To solve the problem, we begin by understanding that if two quadratic equations \(x^2 + px + q = 0\) and \(x^2 + qx + p = 0\) have a common root, then this root must satisfy both equations.
- Let \(\alpha\) be the common root. Then, substituting \(\alpha\) into both equations, we get two conditions:
- \(\alpha^2 + p\alpha + q = 0\)
- \(\alpha^2 + q\alpha + p = 0\)
- Subtracting the second equation from the first gives: \((\alpha^2 + p\alpha + q) - (\alpha^2 + q\alpha + p) = 0\)
Simplifying, we get: \(p\alpha + q - q\alpha - p = 0\)
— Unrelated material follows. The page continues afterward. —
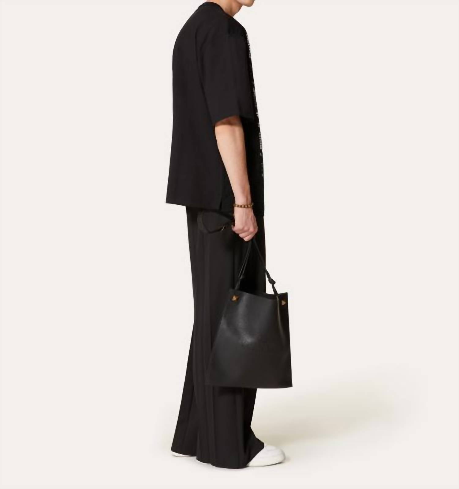 Introducing the Short Sleeve Crochet T-shirt by Valentino, a minimalist piece crafted for a stylish spring outing. This black crewneck tee boasts a front crochet embroidery piece complemented by its simple solid pattern. Composed of 100% cotton, it offers premium comfort and is proudly made in Italy. Closure: Pull on. Model is 187 cm tall and is wearing size M.

which can be further simplified to: \((p-q)\alpha + q-p = 0\) - Simplifying further, we factor out common terms: \((p-q)(\alpha - 1) = 0\)
- This equation implies either:
- \(p = q\), or
- \(\alpha = 1\)
- If \(\alpha = 1\), substitute \(\alpha = 1\) in either equation. Using the first equation, we have:
\(1^2 + p\cdot 1 + q = 0\)
Simplifying, we find: \(1 + p + q = 0\)
This leads to: \(p + q + 1 = 0\) - Therefore, the correct answer is 0.
This detailed analysis shows that if \(\alpha = 1\) is the common root, then \(p + q + 1 = 0\).